Challenges in Integration and Analysis of High-Dimensional Biological Data: Cases from Environmental and Health Research
- Biological data represent a large, challenging sector of data engineering applications. Biological data are typically complex and poorly standardized. Moreover, high value, rapid growth in volume and advances in acquisition technologies characterize modern environmental and health research data, humbling the classical practices for data transformation and analytics. Furthermore, data in biology make more sense when integrated with usually different data types, or data from different sources or even fields. In addition, the uniqueness of each case and research question call for a deep understanding of data life cycle and for customized solutions.
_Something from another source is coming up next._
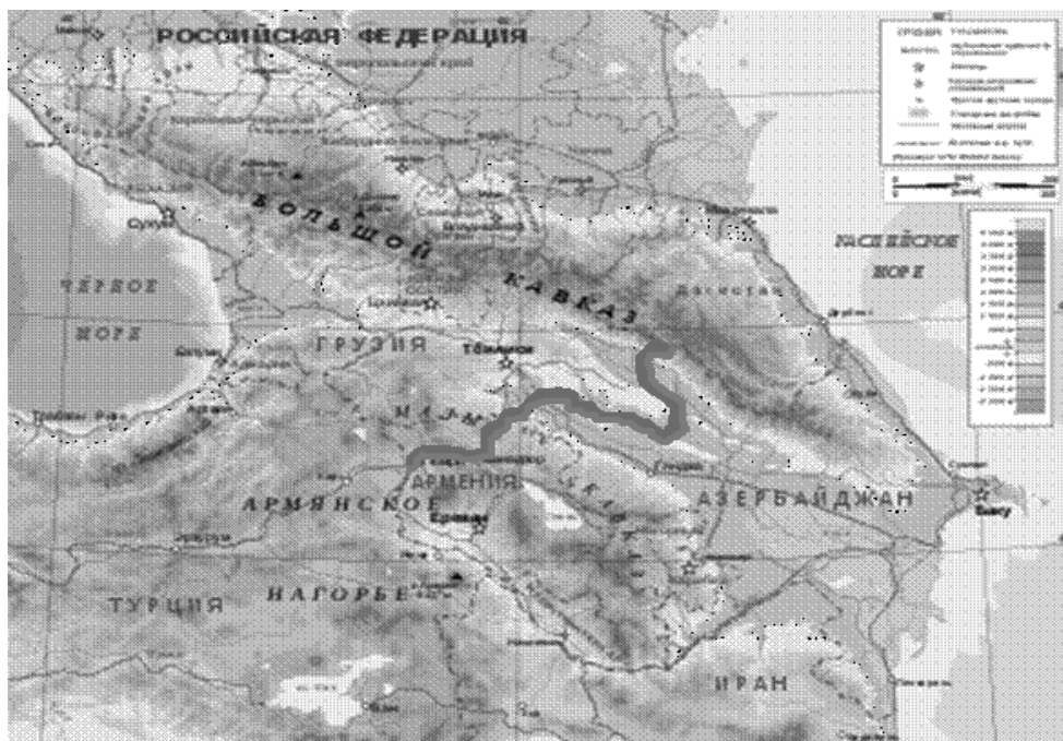
Рис. 3 Предполагаемая территория для апробации регионального механизма отслеживания и контроля болезней животных в Закавказье

С учетом ряда факторов, экспертами был предложен формат регионального сотрудничества, включающий 3 основных компонента: 1) пассивное отслеживание болезней (т.е. двухсторонний сбор и обмен информацией относительно эпизоотического статуса того или иного поголовья скота в случае его перемещения на территории приграничной зоны одной из республик); 2) активное отслеживание болезней (т.е. двухсторонний отбор и обмен результатами тестирования проб патологического материала в случае оповещения о клиническом проявлении или подозрении на заболевание среди поголовья скота во время его перемещения на территории приграничной зоны одной из республик); 3) совместное реагирование на риск распространения той или иной болезни (т.е. двухстороннее применение ветеринарно-санитарных ограничений и проведение комплекса противоэпизоотических мероприятий в случае лабораторного подтверждения того или иного заболевания на территории приграничной зоны одной из республик). Ответственность за выполнение вышеперечисленных компонентов предполагается распределить в следующем порядке: 1) частные ветеринарные врачи (ветеринарные фельдшеры), работающие на территории

Having a large volume and value, and being produced at a high velocity in a large variety, biological data encourage the investigation of scalable workflows to automate acquisition and integration, closing the gaps in optimizing analytics specially for heterogeneous data.
This thesis aims at exploring and optimizing the state-of-the-art methods for heterogeneous data integration and analysis, of sequence and non-sequence-based data, by identifying four areas of application concerning primary and secondary data from environmental and health research. It presents four challenges in data preparation and transformation for variable selection, and accompanying case studies. Particularly, the thesis investigates knowledge extraction from primary inherently high-dimensional marine sequence data, scalability in handling secondary photosynthetic sequence data, integration and statistical modeling of secondary high-dimensional relational health care claims data for adverse drug event prediction, and integration of heterogeneous primary epidemiological data for childhood obesity investigation. The thesis highlights the importance of data model development for data transformation and integration, and the role of scalable analytics in the foreseen increase in data dimensions.